RainStor, which develops an enterprise database platform, has unveiled new features that it says will make Hadoop data more secure than ever and increase enterprise Hadoop adoption.
Is Hadoop, the open source Big Data platform, as secure as its widespread popularity suggests? The answer is no, according to RainStor, which develops a proprietary database that it bills as the world's most efficient for enterprise deployments. Now, the company says, it is also one of the most secure solutions for storing and analyzing sensitive data on Hadoop and elsewhere, thanks to new encryption, authentication and auditing features unveiled this week.
Founded in 2004 under the name Clearpace and known since 2009 as RainStor, the company specializes in database software for enterprises. Its strengths, as it summarizes them, are high scalability; the flexibility to deploy on-premise, in the cloud or natively on Hadoop; and robust auditory compliance features.
On Tuesday, the latest release of RainStor's database includes security features that the company describes as "the first-ever enterprise security-grade database for Hadoop." In particular, the new version offers:
- Data Encryption – Scalable, rapid data encryption at rest to protect massive data volumes.
- Data Masking & Views – New SQL functions to mask sensitive data. When combined with table-level security, these functions ensure that unauthorized users only see masked data.
- Kerberos/LDAP/Active Directory/PAM support – Standard authorization and authentication.
- Audit Trail and Tamper-proofing – Built-in auditing functionality to log and track all data changes to meet regulatory compliance requirements.
- Configurable data disposition (with record-level delete) – Efficient deletion of individual records from tables containing trillions of records in clustered environments, enabling efficient data lifecycle management.
The release also introduces some notable feature enhancements related to search, which is now faster, more efficient and more scalable, according to the company.
But it's the security features that are of greatest note. Although security concerns may not currently be preventing major enterprises from adopting Hadoop as much as RainStor suggests—the Apache Foundation lists plenty of names both big and small of organizations already using the platform—that doesn't mean Hadoop security is not actually a problem. Tighter data-protection and privacy features such as the ones RainStor has introduced could become a major selling point as next-generation Big Data infrastructure matures and enterprises move more sensitive data into it.

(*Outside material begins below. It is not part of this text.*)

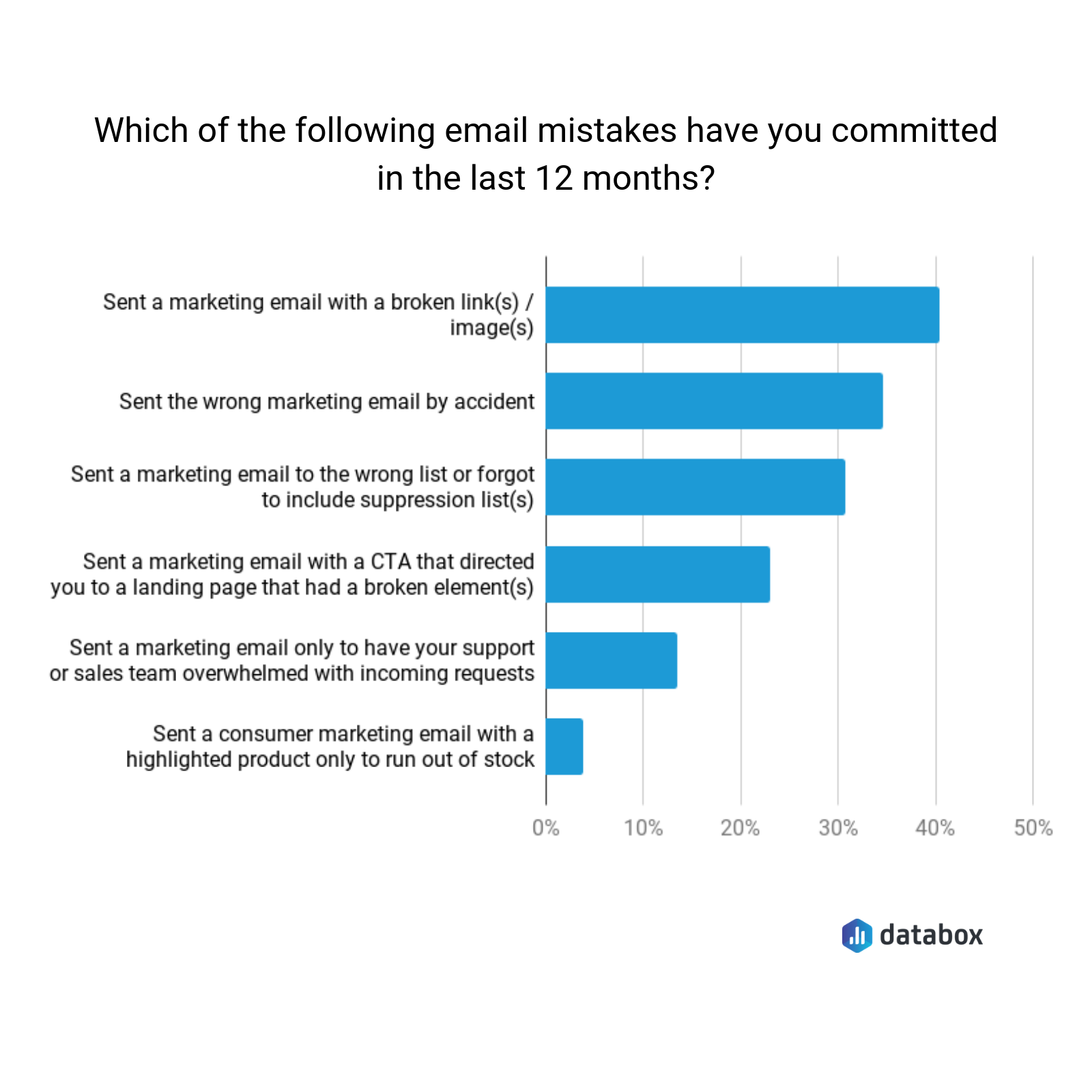 For our latest survey, we asked 51 marketers to tell us more about the mistakes they’ve made when sending marketing emails. The most common mistakes include sending an email with a broken link or image, accidentally sending the wrong email, and sending an email to the wrong list:

And Hadoop isn't the end of the story here. RainStor's software could also prove attractive simply as a more secure database solution in the midst of ongoing database wars. RainStor may face a tough battle on that front—which currently does not even seem to be its major area of focus—against open source databases that are usually free to use and raise no vendor-lock in concerns. Still, where security and privacy are paramount, as they increasingly are in the Big Data world, RainStor has a lot to offer.